*** Block opens ***

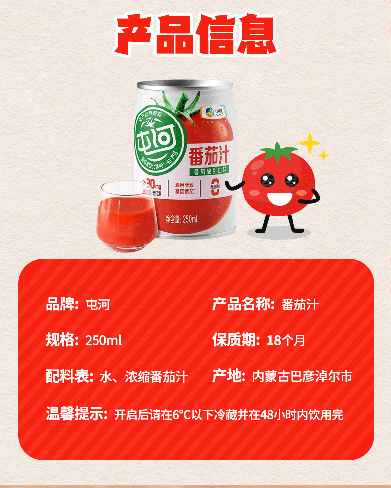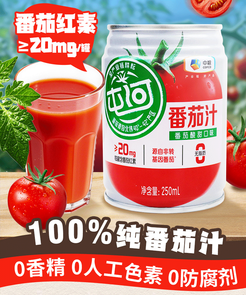 中粮屯河无糖番茄汁250ml果蔬汁(新老包装随机)
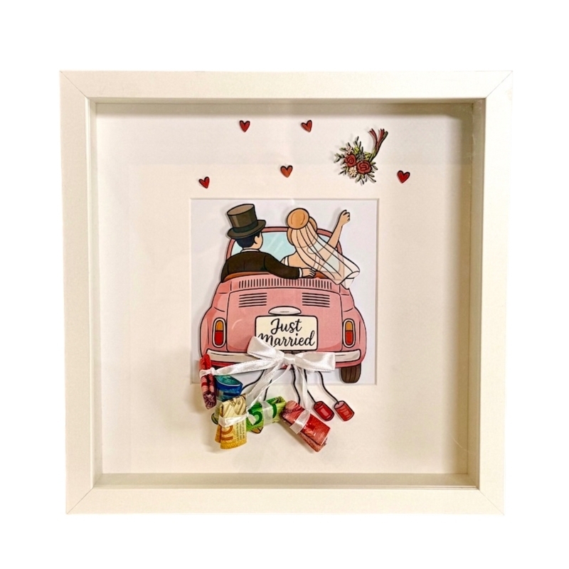 Einen langweiligen Umschlag mit ein paar Geldscheinen zu verschenken, ist nicht besonders kreativ. Mit dieser individuell und personalisierter Geldverpackung freut sich das Hochzeitspaar sicher nicht nur über das Geld. An den 6 weissen Bändchen werden die gerollten Geldscheine als "Dosen" festgebunden, die sich dann gut geschützt hinter der Scheibe befinden.
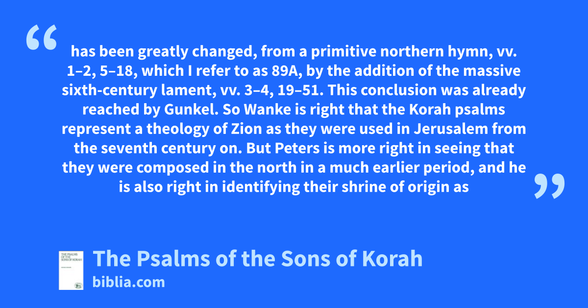 has been greatly changed, from a primitive northern hymn, vv. 1–2, 5–18, which I refer to as 89A, by the addition of the massive sixth-century lament, vv. 3–4, 19–51. This conclusion was already reached by Gunkel. So Wanke is right that the Korah psalms represent a theology of Zion as they were used in Jerusalem from the seventh century on. But Peters is more right in seeing that they were composed in the north in a much earlier period, and he is also right in identifying their shrine of origin as
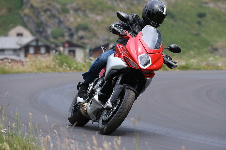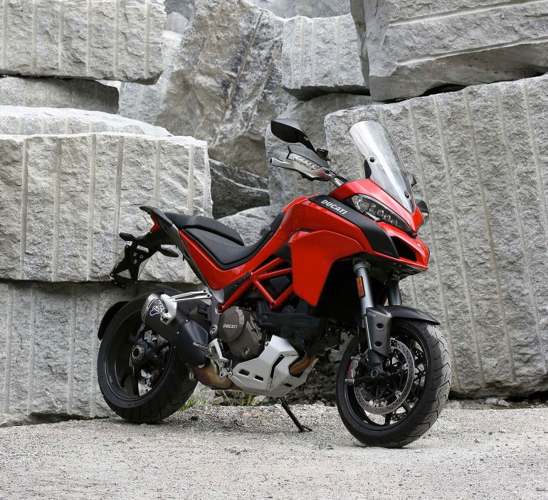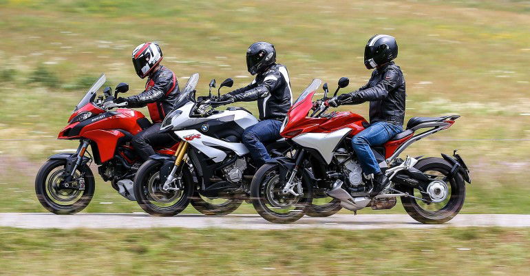 Se i francesi non avessero inventato le motard, i modelli protagonisti di questa prova probabilmente non esisterebbero. Di moto con ruote da strada, propulsori ad alte prestazioni, sospensioni a lunga escursione e freni sportivi ne esistono da lustri, ma l’evoluzione della specie che ha portato praticamente all’estinzione delle motard così come sono nate, ha negli anni plasmato quelle che probabilmente sono le stradali più complete sul mercato. Complete perché quelle che oggi chiamiamo “crossover” (termine che sta a indicare qualcosa a cavallo tra più segmenti) e che hanno nella Yamaha TDM la “madrina”, riescono a racchiudere molte facce del gusto motociclistico. Moto stradali, dicevamo, perché a dispetto di mappature off road che lasciano intendere un utilizzo più “avventuroso”, sono e restano grandi moto da strada. Capaci di viaggiare con il comfort di una vera touring, di curvare con efficacia pari a quella delle naked, di garantire prestazioni degne di una sportiva, offrono un mix che è quasi imbattibile.BMWS1000XR-DucatiMultistrada-MVAgustaTurismoVeloce-010Non c’è da stupirsi, quindi, che stazionino ai piani alti della classifica: in effetti riescono ad accontentare molti tipi di motociclisti, incarnando la new age di quelle che un tempo erano le sport touring stradali, segmento fortissimo negli anni passati e ora ridotto al lumicino proprio in favore di questi modelli.Come spesso accade ciascun produttore dà la propria interpretazione del segmento, proponendo motorizzazioni e soluzioni tecniche specifiche. Come nel caso delle protagoniste di questo Duel, che spaziano dai tre cilindri in linea 800 cc della MV Agusta Turismo Veloce al bicilindrico a L desmodromico 1.200 cc della Multistrada, passando per i 1.000 cc e i quattro cilindri in linea della BMW S 1000 XR. Tecnica molto differente per un risultato più vicino di quel che si possa pensare.Moto scariche, niente borse e una giornata di pura guida: questo il programma, con un passeggero e lungo itinerari che vanno da veloci autostrade a contorti percorsi di montagna, lasciando la calura insopportabile della città alla spalle per andare a respirare in altura. Una giornata intera in sella “no stop”, che ci ha permesso di sviscerare le caratteristiche di ciascuna moto. Una curiosità: motori differenti, serbatoi differenti ma la spia della riserva a fine giornata si è accesa nello stesso momento. Ecco come vanno le moto nel dettaglio. BMW S 1000 XR  – 16.200 euro (prezzo moto in prova: 18.530 euro)Saliteci, avviate il motore e partite. Scoprirete come il mondo attorno a voi può diventare molto lento. Con la S 1000 XR, BMW ha portato tutta la rabbiosa sportività del progetto S 1000 su una moto con cui è bello anche viaggiare. Un abbinamento formidabile che sposa perfettamente il concetto di crossover. In effetti, come del resto vale anche per le altre due moto del servizio, questa BMW sa offrire un gusto e un’efficacia di guida da sportiva autentica. Bastano un paio di curve per rendersi conto di ciò che questa “turistica” è in grado di fare. BMW ha spinto forte sulle prestazioni: i cavalli sono gli stessi della Multistrad  ma la sensazione e che sulla BMW ce ne siano molti di più. Il polso destro comanda tramite un Ride by Wire (tipologia di comando comune alle tre moto) molto a punto un motore eccezionale per potenza e spinta a tutti i regimi. Spinta aiutata dal cambio elettronico che funziona sia in salita sia in scalata, una specie di “droga” di cui dopo pochi chilometri non si riesce a fare a meno.BMWS1000XR-DucatiMultistrada-MVAgustaTurismoVeloce-013Qualsiasi sia la mappatura scelta per il motore (tre a disposizione: Rain, Road e Dynamic, le ultime due full power). La “schiena” che i tecnici BMW sono riusciti a tirar fuori da questo quattro cilindri è eccezionale, così la S 1000 XR si regala bassi corposi – e un’elasticità esemplare visto che si esce dai tornanti in terza marcia con una fluidità impressionante -, medi più che robusti e un allungo da far accapponare la pelle. Delle tre è quella che paga di più in termini di agilità: normale, visto nelle travi del telaio lavora un quattro cilindri in linea (l’albero motore è il più largo di tutti). Dire, però, che la BMW è “pesante” da far voltare sarebbe un’eresia. Complice il manubrio molto largo la maneggevolezza resta di alto livello, e in compenso l’avantreno “scava” l’asfalto come poche altre moto del segmento, infondendo al rider un feeling che ne MV né Ducati (più agili) riescono a offrire.Il rigore direzionale resta immutato qualsiasi mappatura si decida di utilizzare per il sistema di sospensioni attive DDC (Dynamic Damping Control), tarato fondamentalmente sul rigido, fin troppo in certe situazioni, soprattutto il monoammortizzatore che tende a “scalciare” sulle asperità più accentuate, come se il sistema “chiudesse” con troppa solerzia l’idraulica alle alte velocità. Questa è uno dei pochi nei che abbiamo da segnalare sulla S 1000 XR: l’altro è costituito dalle vibrazioni che arrivano al manubrio dai 5.000 ai 7.000 giri, regime che in sesta coincide proprio con la velocità Codice autostradale. Ok, della sportività abbiamo detto, ma con i viaggi come se la cava? I 400 km che più misti non si può in una sola giornata certificano che con la S 1000 XR si viaggia eccome. Dopo essersela fatta passare di mano più volte nel corso della giornata, tre tester ne hanno gradito l’ergonomia giudicata la migliore del gruppo.BMWS1000XR-DucatiMultistrada-MVAgustaTurismoVeloce-025L’animo sportivo si rivela anche nelle imbottiture delle selle, più rigide che morbide, tuttavia in questa (e in altre giornate passate interamente in sella) la BMW dimostra di essere un’instancabile passista anche per come riesce a non far stancare il suo pilota, che viaggia ben protetto dall’aria con il compatto ma efficace plexiglas (che abbiamo usato sempre nella posi

*** Block closes ***

What is required: Leaving out the pictures, output the listing above exactly as given.

Written response:
 中粮屯河无糖番茄汁250ml果蔬汁(新老包装随机)
 Einen langweiligen Umschlag mit ein paar Geldscheinen zu verschenken, ist nicht besonders kreativ. Mit dieser individuell und personalisierter Geldverpackung freut sich das Hochzeitspaar sicher nicht nur über das Geld. An den 6 weissen Bändchen werden die gerollten Geldscheine als "Dosen" festgebunden, die sich dann gut geschützt hinter der Scheibe befinden.
 has been greatly changed, from a primitive northern hymn, vv. 1–2, 5–18, which I refer to as 89A, by the addition of the massive sixth-century lament, vv. 3–4, 19–51. This conclusion was already reached by Gunkel. So Wanke is right that the Korah psalms represent a theology of Zion as they were used in Jerusalem from the seventh century on. But Peters is more right in seeing that they were composed in the north in a much earlier period, and he is also right in identifying their shrine of origin as
 Se i francesi non avessero inventato le motard, i modelli protagonisti di questa prova probabilmente non esisterebbero. Di moto con ruote da strada, propulsori ad alte prestazioni, sospensioni a lunga escursione e freni sportivi ne esistono da lustri, ma l’evoluzione della specie che ha portato praticamente all’estinzione delle motard così come sono nate, ha negli anni plasmato quelle che probabilmente sono le stradali più complete sul mercato. Complete perché quelle che oggi chiamiamo “crossover” (termine che sta a indicare qualcosa a cavallo tra più segmenti) e che hanno nella Yamaha TDM la “madrina”, riescono a racchiudere molte facce del gusto motociclistico. Moto stradali, dicevamo, perché a dispetto di mappature off road che lasciano intendere un utilizzo più “avventuroso”, sono e restano grandi moto da strada. Capaci di viaggiare con il comfort di una vera touring, di curvare con efficacia pari a quella delle naked, di garantire prestazioni degne di una sportiva, offrono un mix che è quasi imbattibile.BMWS1000XR-DucatiMultistrada-MVAgustaTurismoVeloce-010Non c’è da stupirsi, quindi, che stazionino ai piani alti della classifica: in effetti riescono ad accontentare molti tipi di motociclisti, incarnando la new age di quelle che un tempo erano le sport touring stradali, segmento fortissimo negli anni passati e ora ridotto al lumicino proprio in favore di questi modelli.Come spesso accade ciascun produttore dà la propria interpretazione del segmento, proponendo motorizzazioni e soluzioni tecniche specifiche. Come nel caso delle protagoniste di questo Duel, che spaziano dai tre cilindri in linea 800 cc della MV Agusta Turismo Veloce al bicilindrico a L desmodromico 1.200 cc della Multistrada, passando per i 1.000 cc e i quattro cilindri in linea della BMW S 1000 XR. Tecnica molto differente per un risultato più vicino di quel che si possa pensare.Moto scariche, niente borse e una giornata di pura guida: questo il programma, con un passeggero e lungo itinerari che vanno da veloci autostrade a contorti percorsi di montagna, lasciando la calura insopportabile della città alla spalle per andare a respirare in altura. Una giornata intera in sella “no stop”, che ci ha permesso di sviscerare le caratteristiche di ciascuna moto. Una curiosità: motori differenti, serbatoi differenti ma la spia della riserva a fine giornata si è accesa nello stesso momento. Ecco come vanno le moto nel dettaglio. BMW S 1000 XR  – 16.200 euro (prezzo moto in prova: 18.530 euro)Saliteci, avviate il motore e partite. Scoprirete come il mondo attorno a voi può diventare molto lento. Con la S 1000 XR, BMW ha portato tutta la rabbiosa sportività del progetto S 1000 su una moto con cui è bello anche viaggiare. Un abbinamento formidabile che sposa perfettamente il concetto di crossover. In effetti, come del resto vale anche per le altre due moto del servizio, questa BMW sa offrire un gusto e un’efficacia di guida da sportiva autentica. Bastano un paio di curve per rendersi conto di ciò che questa “turistica” è in grado di fare. BMW ha spinto forte sulle prestazioni: i cavalli sono gli stessi della Multistrad  ma la sensazione e che sulla BMW ce ne siano molti di più. Il polso destro comanda tramite un Ride by Wire (tipologia di comando comune alle tre moto) molto a punto un motore eccezionale per potenza e spinta a tutti i regimi. Spinta aiutata dal cambio elettronico che funziona sia in salita sia in scalata, una specie di “droga” di cui dopo pochi chilometri non si riesce a fare a meno.BMWS1000XR-DucatiMultistrada-MVAgustaTurismoVeloce-013Qualsiasi sia la mappatura scelta per il motore (tre a disposizione: Rain, Road e Dynamic, le ultime due full power). La “schiena” che i tecnici BMW sono riusciti a tirar fuori da questo quattro cilindri è eccezionale, così la S 1000 XR si regala bassi corposi – e un’elasticità esemplare visto che si esce dai tornanti in terza marcia con una fluidità impressionante -, medi più che robusti e un allungo da far accapponare la pelle. Delle tre è quella che paga di più in termini di agilità: normale, visto nelle travi del telaio lavora un quattro cilindri in linea (l’albero motore è il più largo di tutti). Dire, però, che la BMW è “pesante” da far voltare sarebbe un’eresia. Complice il manubrio molto largo la maneggevolezza resta di alto livello, e in compenso l’avantreno “scava” l’asfalto come poche altre moto del segmento, infondendo al rider un feeling che ne MV né Ducati (più agili) riescono a offrire.Il rigore direzionale resta immutato qualsiasi mappatura si decida di utilizzare per il sistema di sospensioni attive DDC (Dynamic Damping Control), tarato fondamentalmente sul rigido, fin troppo in certe situazioni, soprattutto il monoammortizzatore che tende a “scalciare” sulle asperità più accentuate, come se il sistema “chiudesse” con troppa solerzia l’idraulica alle alte velocità. Questa è uno dei pochi nei che abbiamo da segnalare sulla S 1000 XR: l’altro è costituito dalle vibrazioni che arrivano al manubrio dai 5.000 ai 7.000 giri, regime che in sesta coincide proprio con la velocità Codice autostradale. Ok, della sportività abbiamo detto, ma con i viaggi come se la cava? I 400 km che più misti non si può in una sola giornata certificano che con la S 1000 XR si viaggia eccome. Dopo essersela fatta passare di mano più volte nel corso della giornata, tre tester ne hanno gradito l’ergonomia giudicata la migliore del gruppo.BMWS1000XR-DucatiMultistrada-MVAgustaTurismoVeloce-025L’animo sportivo si rivela anche nelle imbottiture delle selle, più rigide che morbide, tuttavia in questa (e in altre giornate passate interamente in sella) la BMW dimostra di essere un’instancabile passista anche per come riesce a non far stancare il suo pilota, che viaggia ben protetto dall’aria con il compatto ma efficace plexiglas (che abbiamo usato sempre nella posi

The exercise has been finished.